The task
Quote all lines below exactly. Images stay out.

Data
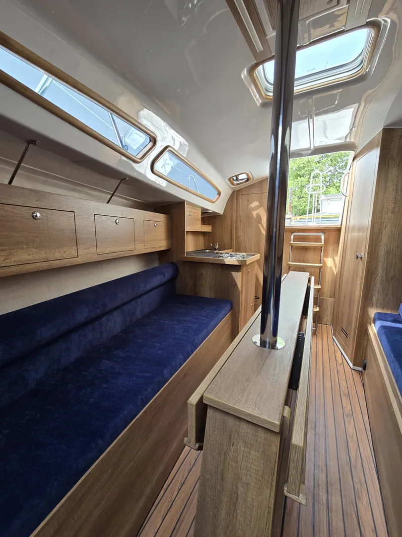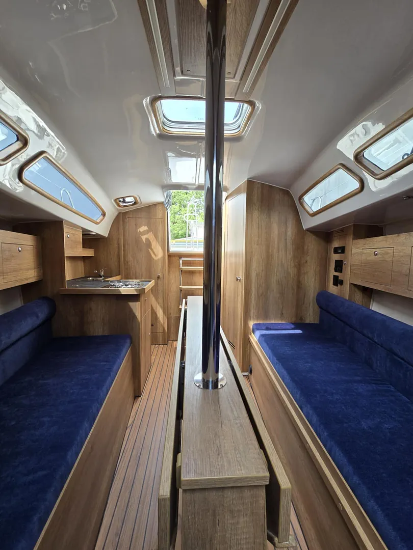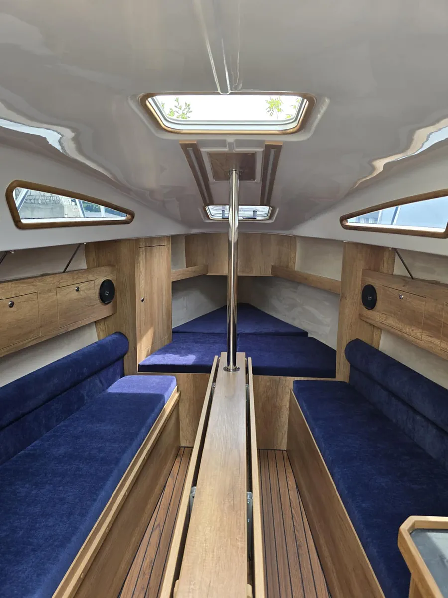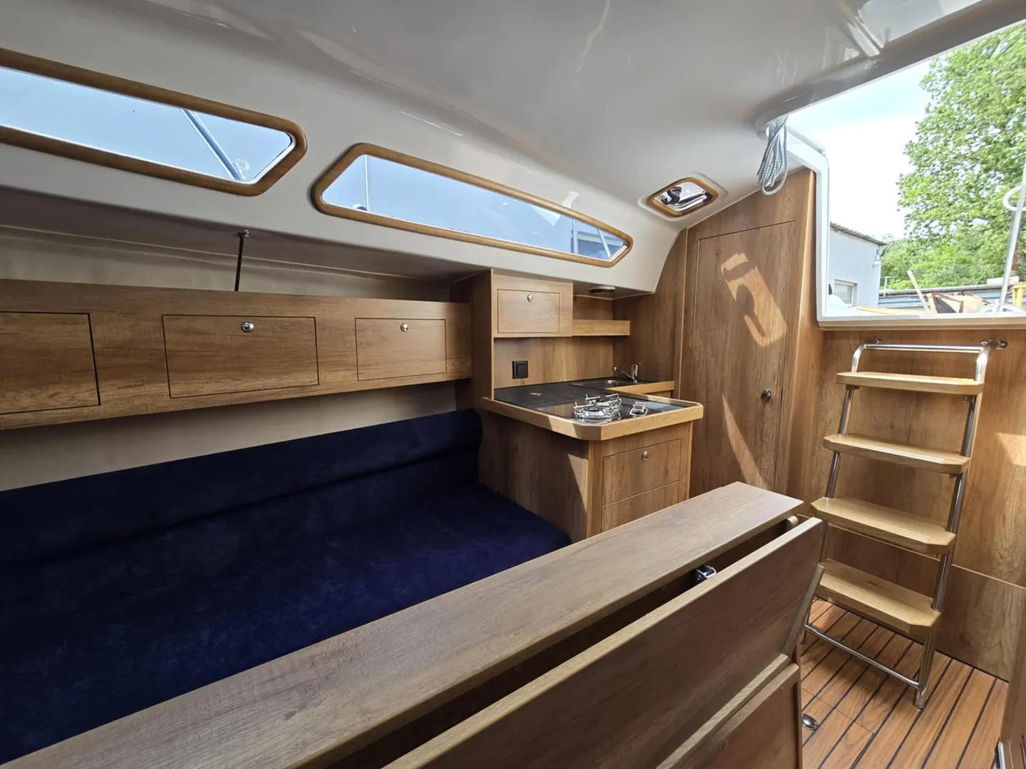 Phobos 25 Exclusive nawiązuje stylistycznie do nowoczesnych śródziemnomorskich jachtów. Długa nadbudówka z charakterystycznymi dużymi oknami pozwala zamontować nawet sześć otwieranych okien i luków, co zapewnia ponadprzecietną wentylację i doświetlenie wnętrza. Jacht wyróżnia się dużym kokpitem z którego jest znakomita widoczność w stronę dziobu. Aż cztery osobne schowki kokpitowe ułatwiają przechowywani niezbędnych dla żeglarzy przedmiotów. Zaprojektowany przez znanego regatowca Wojtka Spisaka „szybki” kadłub Phobosa 25 jest szeroki i stosunkowo płaski. Z jednej strony gwarantuje znakomitą stateczność, a z drugiej sporą pojemność wnętrza. Prezentowane na zdjęciach modele mogą różnic się zabudową w czarterze gdyż ciągle rozbudowujemy flotę, wprowadzamy nowe jednostki Jachty, stylizujemy w nowoczesny sposób tak aby zapewnić Wam wyższy komfort i zaprezentować jednostki w coraz to nowszych odsłonach. Dane techniczne Rok budowy: 2025 Długość: 7,49 m Szerokość: 2,86 m Zanurzenie min/max: 0,34/1,44 m Liczba koi: 6+1/ 1 kab rufowa Wysokość w kabinie: 1,80 m Powierzchnia żagli: 30 m² Silnik: 5 lub 6 KM Wyposażenie Podstawowe wyposażenie nautyczne: grot na pełzaczach, rolfok na sztywnym sztagu, lazy jack, pokrowiec bomowy, obciągacz bomu, tent na bom, relingi, fały sprowadzone do kokpitu, kieszenie na liny, kabestany samoknagujące, kosz dziobowy z kaczym dziobem, miecz uchylny, drabinka rufowa, sztormreling, ster na pawęży, brama do opuszczania masztu, stolik w kokpicie, środki ratunkowe, silnik zaburtowy 6 KM Kambuz i mesa: zamykana kabina rufowa, ogrzewanie, kuchenka gazowa, butla z gazem, lodówka, instalacja wody pitnej, zlew, zastawa stołowa, zestaw naczyń kuchennych (szklanki, sztućce, garnki, patelnia, durszlak, tarka, czajnik, deska do krojenia) , WC chemiczne Zasilanie i multimedia: Instalacja audio: radio CD, mp3, instalacja elektryczna 220V, gniazdo 12V, prostownik, przedłużacz, akumulator , ładowanie akumulatora Wyposażenie ratunkowe: kapoki ratunkowe dla: 7 osób, koło ratunkowe, gaśnica, pagaje, bosak, odbijacze, kanister na paliwo, kanister na wodę, kotwica z liną, dwie cumy, wiadro, miednica, szczotka, zmiotka, korba do kabestanów, skrzynka narzędziowa, środki czystości, W cenie: Ubezpiecznie (OC AC NNW, rzeczy osobiste), serwis na szlaku, paliwo, gaz, naładowany akumulator Dodatkowe opłaty: sprzątanie jachtu — 200 PLN opróżnienie toalety - 200 PLN parking w porcie 20 zł/doba pies na jachcie — 150 PLN
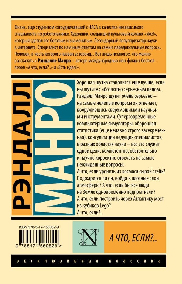 Labs joks ir pat labāk, ja tu joko ar absolūti nopietnu seju. Randall Munroe ļoti nopietni joko - viņš atbild uz smieklīgākajiem jautājumiem, apbruņots ar superspēcīgiem zinātniskiem instrumentiem. Moderni datorsimulatori, aizsardzības statistika (vēl nesen stingri klasificēta), dažādu zinātnes jomu vadošo speciālistu konsultācijas - tas viss kalpo vienam mērķim: kompetenti, rūpīgi un zinātniski pareizi atbildēt uz visnegaidītākajiem jautājumiem.
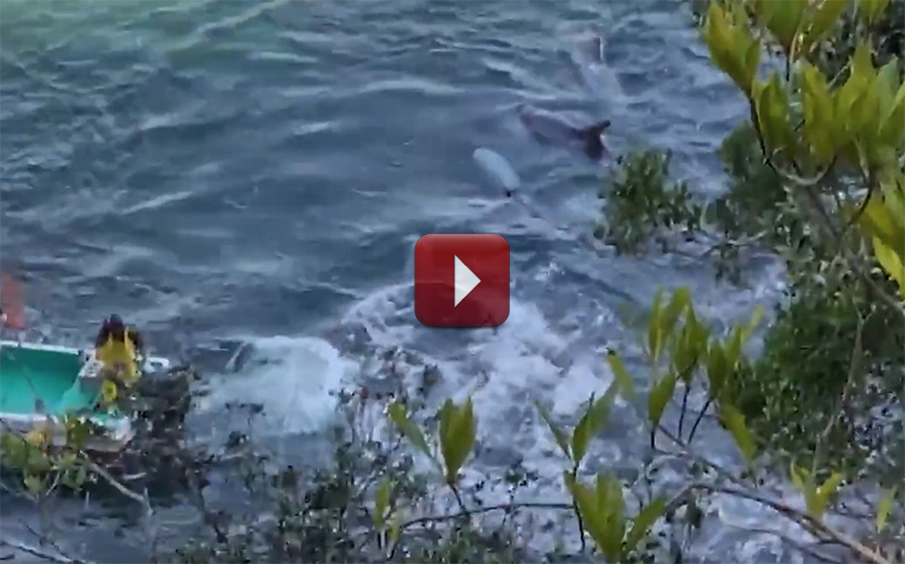 Bild: Misshandlung der 21 Rissos Delfine im Netz vor dem Mörderstrand

Result of the exercise
 Phobos 25 Exclusive nawiązuje stylistycznie do nowoczesnych śródziemnomorskich jachtów. Długa nadbudówka z charakterystycznymi dużymi oknami pozwala zamontować nawet sześć otwieranych okien i luków, co zapewnia ponadprzecietną wentylację i doświetlenie wnętrza. Jacht wyróżnia się dużym kokpitem z którego jest znakomita widoczność w stronę dziobu. Aż cztery osobne schowki kokpitowe ułatwiają przechowywani niezbędnych dla żeglarzy przedmiotów. Zaprojektowany przez znanego regatowca Wojtka Spisaka „szybki” kadłub Phobosa 25 jest szeroki i stosunkowo płaski. Z jednej strony gwarantuje znakomitą stateczność, a z drugiej sporą pojemność wnętrza. Prezentowane na zdjęciach modele mogą różnic się zabudową w czarterze gdyż ciągle rozbudowujemy flotę, wprowadzamy nowe jednostki Jachty, stylizujemy w nowoczesny sposób tak aby zapewnić Wam wyższy komfort i zaprezentować jednostki w coraz to nowszych odsłonach. Dane techniczne Rok budowy: 2025 Długość: 7,49 m Szerokość: 2,86 m Zanurzenie min/max: 0,34/1,44 m Liczba koi: 6+1/ 1 kab rufowa Wysokość w kabinie: 1,80 m Powierzchnia żagli: 30 m² Silnik: 5 lub 6 KM Wyposażenie Podstawowe wyposażenie nautyczne: grot na pełzaczach, rolfok na sztywnym sztagu, lazy jack, pokrowiec bomowy, obciągacz bomu, tent na bom, relingi, fały sprowadzone do kokpitu, kieszenie na liny, kabestany samoknagujące, kosz dziobowy z kaczym dziobem, miecz uchylny, drabinka rufowa, sztormreling, ster na pawęży, brama do opuszczania masztu, stolik w kokpicie, środki ratunkowe, silnik zaburtowy 6 KM Kambuz i mesa: zamykana kabina rufowa, ogrzewanie, kuchenka gazowa, butla z gazem, lodówka, instalacja wody pitnej, zlew, zastawa stołowa, zestaw naczyń kuchennych (szklanki, sztućce, garnki, patelnia, durszlak, tarka, czajnik, deska do krojenia) , WC chemiczne Zasilanie i multimedia: Instalacja audio: radio CD, mp3, instalacja elektryczna 220V, gniazdo 12V, prostownik, przedłużacz, akumulator , ładowanie akumulatora Wyposażenie ratunkowe: kapoki ratunkowe dla: 7 osób, koło ratunkowe, gaśnica, pagaje, bosak, odbijacze, kanister na paliwo, kanister na wodę, kotwica z liną, dwie cumy, wiadro, miednica, szczotka, zmiotka, korba do kabestanów, skrzynka narzędziowa, środki czystości, W cenie: Ubezpiecznie (OC AC NNW, rzeczy osobiste), serwis na szlaku, paliwo, gaz, naładowany akumulator Dodatkowe opłaty: sprzątanie jachtu — 200 PLN opróżnienie toalety - 200 PLN parking w porcie 20 zł/doba pies na jachcie — 150 PLN
 Labs joks ir pat labāk, ja tu joko ar absolūti nopietnu seju. Randall Munroe ļoti nopietni joko - viņš atbild uz smieklīgākajiem jautājumiem, apbruņots ar superspēcīgiem zinātniskiem instrumentiem. Moderni datorsimulatori, aizsardzības statistika (vēl nesen stingri klasificēta), dažādu zinātnes jomu vadošo speciālistu konsultācijas - tas viss kalpo vienam mērķim: kompetenti, rūpīgi un zinātniski pareizi atbildēt uz visnegaidītākajiem jautājumiem.
 Bild: Misshandlung der 21 Rissos Delfine im Netz vor dem Mörderstrand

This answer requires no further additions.